Fortigate Policies is in place
ASA Firewall Rules is also in place. --- I have Created one Outside Rule From Fortigate-LAN-2-ASA-LAN and also created
one Inside-Rule from ASA-LAN-2-Fortigate-LAN.
Please help me if I am missing some configurations.
Ahmed
07-27-2015 05:17 AM
Hello, Ahmed.
Let's try to isolate the problem. You can you the following command on ASA:
show crypto ipsec sa | i encaps|decaps
By this command you'll see, if the packets from Fortigate's LAN are coming to ASA. So, please, try to initiate some connections from Fortigate's LAN to ASA's LAN and simultaneously issue show crypto ipsec sa | i encaps|decaps command on ASA.
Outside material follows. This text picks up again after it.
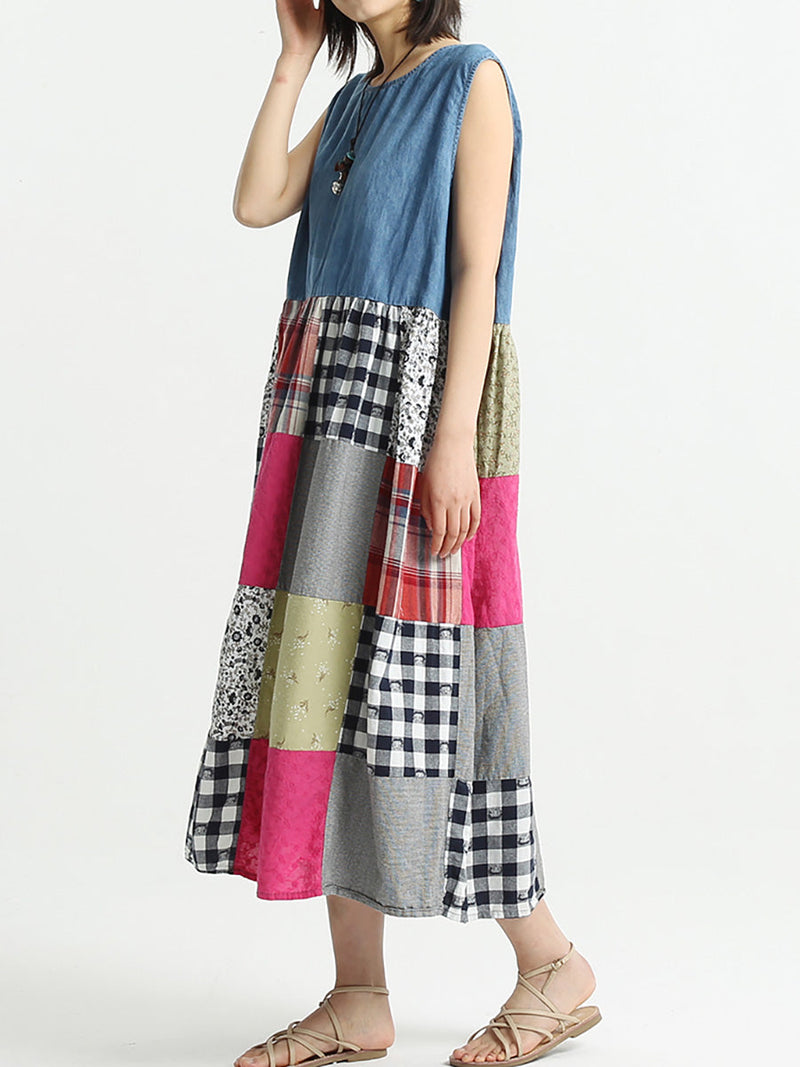 Crafted from 100% cotton. this ankle-length summer dress features a spliced patchwork design and an O-neck collar. Its sleeveless cut ensures breathability and comfort. while the loose fit provides ease of movement. making it an ideal choice for warm-weather wear.

If you'll see, that "decaps" counters are increasing, will be sure, that the packets from Fortigate reach the ASA, and ASA is able to decapsulate them. If counters are not increasing, the issue is somewhere on the link or on the Fortigate.
07-28-2015 07:48 AM
Boris,
Thanks for the valuable tips, I think the problem is from Fortigate side and I will keep
looking what I am missing.
thanks
Sorry for my broken English
07-30-2015 11:22 PM
how does you policies for Fortigate looks like, If its policy based VPN on Fortigate with action as IPsec then move it to top and make source and destination specific instead of all to all.
HTH
Hitesh
08-01-2015 07:20 AM
Hi Hitesh,
Fortigate policies are in the top of all policies, still there is only one way connection (From ASA LAN to Fortigate LAN is ok) but the other way connectivity is not happening.
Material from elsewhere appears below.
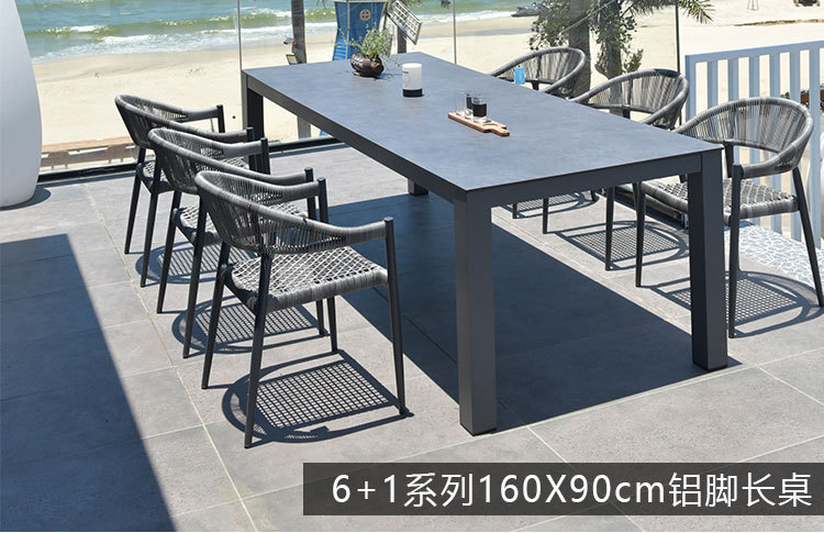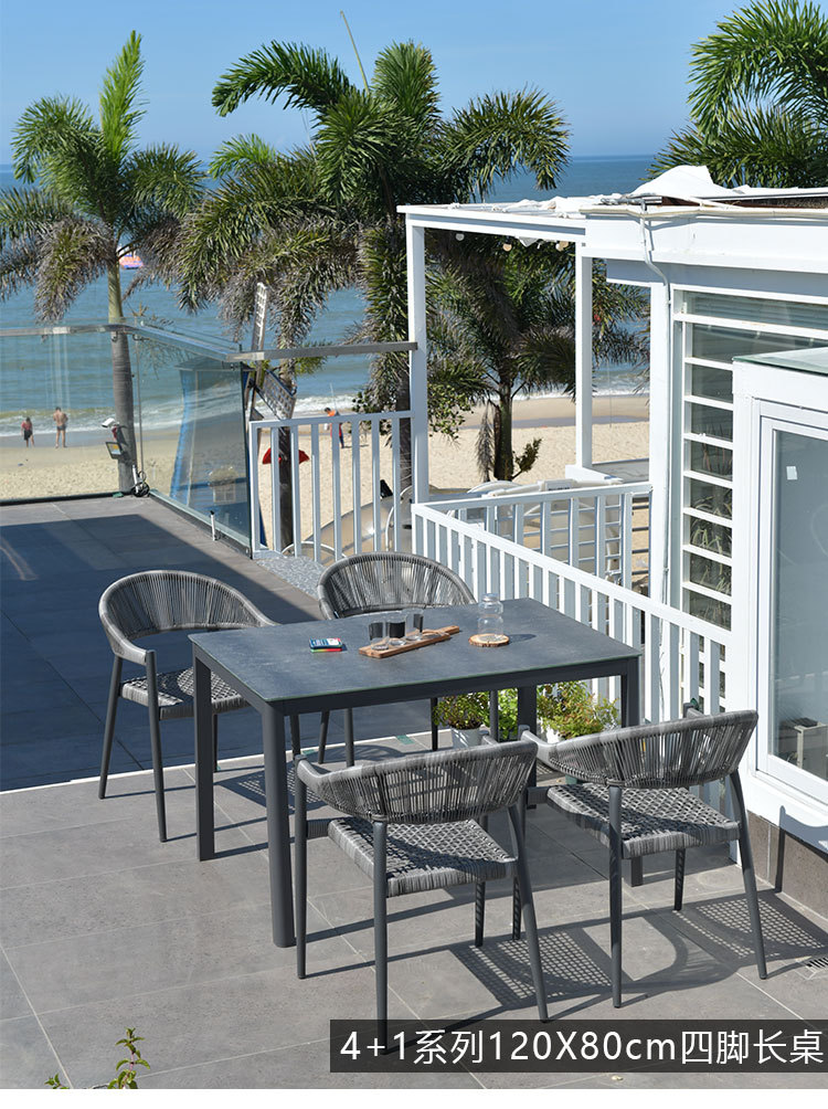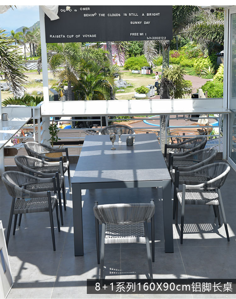 Bàn ghế ngoài trời ban công sân biệt thự sân vườn giải trí hiện đại đá phiến bàn dài quầy bar lưới đỏ shop ghế mây kết hợp

Also static route towards to the Fortigate phase 1 interface is in place.
08-01-2015 07:29 AM
Hi Ahmed
Please go to phase 1 settings of the fortigate and check if interface is enabled or not. If it's not then you would need to remove static route towards tunnel.
Secondly please check for any policy routes under routes to check if you don't have a override there.
Also provide the output of
Diag vpn tunnel list and
Get router info routing-table all
Thanks
Hitesh
08-01-2015 10:36 PM
04-29-2021 05:19 AM
hello @Ahmed Abdi
can you screenshot the policies in place + routes from the fortigate firewall?
thanks
Discover and save your favorite ideas. Come back to expert answers, step-by-step guides, recent topics, and more.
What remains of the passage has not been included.